In May 2021, CHRC-FM flipped to country music as Hot Country 92.5.

On September 5, 2024, Evanov announced that the station, along with CJWL-FM in Ottawa and CKHK-FM in Hawkesbury, would close effective September 20, 2024, due to increased competition, changing listener habits, and economic conditions brought upon by the COVID-19 pandemic. However, on September 19, Evanov announced that it had reached agreements to sell all three stations instead, with an agreement to sell CHRC and CKHK to Radio communautaire Cornwall-Alexandria—the cooperative that owns CHOD-FM 92.1 Go FM in Cornwall, pending CRTC approval. While CHOD is a francophone station, it was stated that the stations would still broadcast in English.
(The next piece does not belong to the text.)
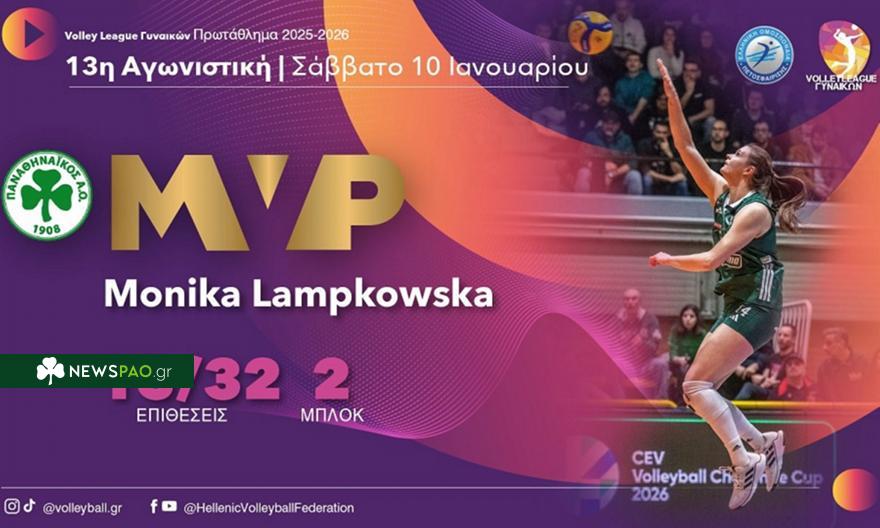 Η Μόνικα Λαμπκόφσκα ανακηρύχθηκε ως η πολυτιμότερη παίκτρια της 13ης αγωνιστικής της Volley League Γυναικών.

Radio communautaire Cornwall-Alexandria formally filed applications to acquire the stations on January 24, 2025, via the subsidiary 1001012762 Ontario Inc., valuing them at $150,000 each. It operated the stations under a temporary management agreement until the sale of the station was approved. On the morning of May 12, 2025, CHRC and CKHK stunted with a loop of "Bye Bye Mon Cowboy" by Quebecois singer Mitsou, before flipping to adult hits at noon as Big FM. The sale was approved by the CRTC on June 30, 2025.